I wonder how well you can "bend" sq al stock.. ??


----------



## gus6464 (Dec 19, 2011)

Unless he is going to be using a massive heatsink that's the entire size of the tank he cannot go passive. Wattage is wattage. Nowadays you can get PC fans that are inaudible unless you stand 3 inches next to it. Jeff's solution requires over 300 watts while the cluster one requires considerably less in the 200 range.

You are going to have to make some soft of housing to control light spillage no matter what you do.

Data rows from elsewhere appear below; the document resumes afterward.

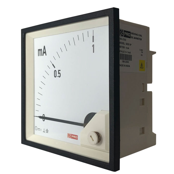 This is Analogue Panel Ammeter 1 (Input)mA DC 96mm x 96mm 1 % Moving Coil manufactured by RS PRO. The manufacturer part number is 186-2500. The product comes in 54 (<4 a)mm depth.
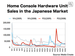 This chart shows the hardware sales situation of the Japanese market. I think many of you are reading the weekly sales report of Media Create. As you probably know, the current situation of Wii can not be defined as healthy.
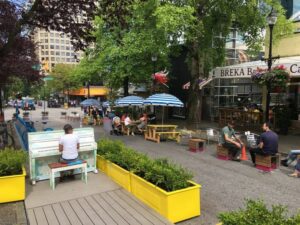 L'aménagement d'un lieu ressemble à beaucoup de choses. Vancouver, par exemple, a transformé un certain nombre de rues en places de quartier avec de la peinture, des bancs de pique-nique, des jardinières et des sièges. En 2019, une étude de Happy Cities sur ce programme Pavement-to-Plaza a révélé que les gens étaient 33 % plus enclins à vouloir rencontrer de nouvelles personnes sur les places, par rapport aux rues ordinaires situées à proximité.
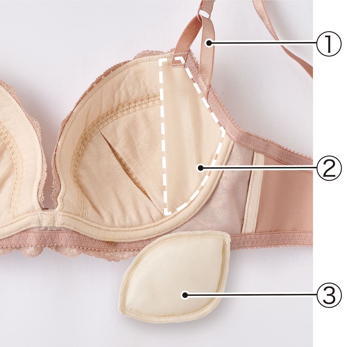 ①バストを寄せて上げるクロスストラップ。動きにもフィット。②バストをさらに寄せて谷間をつくるリフトアップパネル。③バストをぐっと寄せるプッシュアップパッド付き。
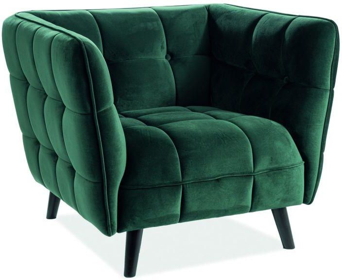 FOTEL CASTELLO 1 VELVET ZIELONY BLUVEL 78 / WENGE Stylowy fotel tapicerowany Castello Velvet 1 Signal swoim kształtem i oryginalnymi pikowaniami nadaje wnętrzu wysokiej elegancji. Wygodny kształt, miękkie wypełnienie i subtelna, delikatna w dotyku tkanina aksamit. Wszystkie te cechy sprawiają że …
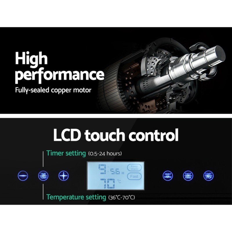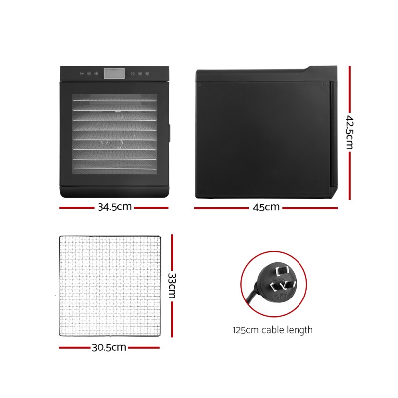 Indulge in the art of healthy snacking with the Devanti 10 Trays Food Dehydrator. Perfect for diet enthusiasts, this dehydrator preserves the vitamins and minerals of fresh foods, enhancing their flavours. Equipped with ten food-grade stainless steel trays, it efficiently dries a variety of foods, from fruits to meats. The user-friendly LCD touch control panel allows precise temperature and timer settings, while the transparent door offers easy monitoring. With overheating protection, dishwasher-safe trays, and a SAA-certified plug, this dehydrator combines safety with convenience for a seamless experience.

You said money doesn't matter so get some Noctua's. Ambient noise is louder than these things.
http://www.newegg.com/Product/Produ...8004&cm_re=noctua_fans-_-35-608-004-_-Product

These are PWM controlled so you can hook them up to a channel on bluefish so they will only spin up at high speed when you are cranking the light.
http://www.newegg.com/Product/Produ...8026&cm_re=noctua_fans-_-35-608-026-_-Product


----------



## Fissure (Jun 29, 2014)

Yeah i have a bunch of noctuas lying around at home. I was planning on getting two large heatsinks made that run the length of the tank. The tank is in the living room and even though the fans don't make any mechanical noise moving air does. And a bunch of noctuas is not very pleasing to the eye to look at either.
Not sure what to do tbh.

Was sketching up the heatsinks and came up with this. Nothing advanced. This way i can also use the flaps I use now so i wont have much light leaking.

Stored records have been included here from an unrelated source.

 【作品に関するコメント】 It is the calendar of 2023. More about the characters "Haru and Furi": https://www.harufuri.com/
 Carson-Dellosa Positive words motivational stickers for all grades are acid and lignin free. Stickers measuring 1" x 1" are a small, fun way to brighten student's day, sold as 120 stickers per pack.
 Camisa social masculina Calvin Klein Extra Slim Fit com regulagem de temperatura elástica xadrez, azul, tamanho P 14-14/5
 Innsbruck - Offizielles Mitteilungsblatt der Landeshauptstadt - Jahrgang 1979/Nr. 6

Downside is ofc that it will be close to the water surface. And 200W?? of heat is pretty much to expect to leave passively. Have no idea if the heatsinks is large enough to keep the LEDs under 85 degrees C?


----------



## O2surplus (Jan 31, 2010)

Is the Makers heat sink available in Sweden? They're available here in various lengths, so ordering one in a 60" length could be an option. They normally come equipped with 1 fan for every foot, so figure that into the cost. I've got a 72" with 6 fans over my tank and it's whisper quiet. Take a look at this- it may give you some good ideas.
http://www.plantedtank.net/forums/showthread.php?t=603658


----------



## Fissure (Jun 29, 2014)

Will check out your build m8!


----------



## Fissure (Jun 29, 2014)

Looked at your thread and that looks awesome. That is something I think could work for me as well. Wish i had the same skills in the electronics department as you 
I think i will go with Veros like gus said. Looks more solid. Now to the problem of finding a way to hook it up to a 6 ch controller.
The meanwell psus and drivers are just so meh! Is there any other brand that does more powerful stuff?

Have contacted ledsupply.com to get a price for 2 lengths at 1490mm each. Question is if i really need two lengths? I saw your tank o2surplus and you only have one and that tank is much bigger than mine. Do you get bad backlight on the fish with that setup? The x-ray effect on the fish is not that nice


----------



## O2surplus (Jan 31, 2010)

Fissure said:


> Looked at your thread and that looks awesome. That is something I think could work for me as well. Wish i had the same skills in the electronics department as you
> I think i will go with Veros like gus said. Looks more solid. Now to the problem of finding a way to hook it up to a 6 ch controller.
> The meanwell psus and drivers are just so meh! Is there any other brand that does more powerful stuff?
> 
> Have contacted ledsupply.com to get a price for 2 lengths at 1490mm each. Question is if i really need two lengths? I saw your tank o2surplus and you only have one and that tank is much bigger than mine. Do you get bad backlight on the fish with that setup? The x-ray effect on the fish is not that nice



I've never noticed an "X-ray effect" with my lighting system, but I do have a black back on my tank, so that may be why? I don't think you'll need more than 1 length of heat sink over your tank. Two would be overkill. My "one" barely gets over room temp and that's with 12 Vero 18's.

"More powerful stuff"? Lol- That's why I built my own. If you want something similar, just send me a PM. :smile:


----------



## gus6464 (Dec 19, 2011)

^

O2 makes some sick electronics. The majority of my electronics on my build are from him .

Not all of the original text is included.